In premise, it is informed that the ALTAMEDICA laboratory , specialized in prenatal genetics, has all the quality certifications foreseen and recommended:
UNI EN ISO 9001 Reg. 7662-A e UNI EN ISO 17025
As regards the CE-IVD marking, relating to in vitro diagnostic devices, it should be specified that it is reads as follows: “the devices may be placed on the market and/or put into service only if they meet the requirements standards based on the Community Directive” (98/79/EC). This was amended, for formal clarifications, from 2007/47/EC. Recently, Regulation (EU) 2017/746 of the European Parliament and of the Council of 5 April 2017 concerning in vitro diagnostic medical devices, progressively repeals Directive 98/79/EC (which is still in force today) and decision 2010/227/EU of Commission and replace them completely by 2023.
The tests used must therefore meet the prescribed requirements. Practically all the tests available today declare a simple partial “declaration of conformity“, that certifies only part of the process or even just the software.
FetalDNA is the only free fetal DNA test circulating on maternal blood that has the European CE-IVD certification on the whole workflow as stated in the ministerial document filed at the Ministry of Health in point 04 – GENERAL DESCRIPTION OF THE DEVICE of the technical file.
FetalDNA is a non-invasive screening test in prenatal in vitro that involves the analysis of free fetal DNA circulating on maternal blood. It uses the latest generation genomic sequencing methodologies – innovative-NIPT (iNIPTTM).
Using this test it is possible to analyze the cfNDA in pregnant women and trisomies of chromosomes 13, 18 and 21, fetal sex, aneuploidy of the sex chromosomes, aneuploidy of all the other autosomes, evaluation of structural alterations related to some microdelection syndromes.
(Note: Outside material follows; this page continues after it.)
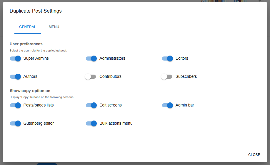 Only users with enabled roles will see copy and duplicate options in the WordPress admin.

It is absolutely important for the doctor to prescribe the execution of this test as it is protected by complete documentation. By analogy it can be said that it is as if a completely registered drug was prescribed.
At present all the other tests available on the market or are without CE-IVD certification or are only partially available (for example, only software).
Prescribing one of these diagnostic tests is tantamount to prescribing a drug that has a partial registration or does not possess it at all.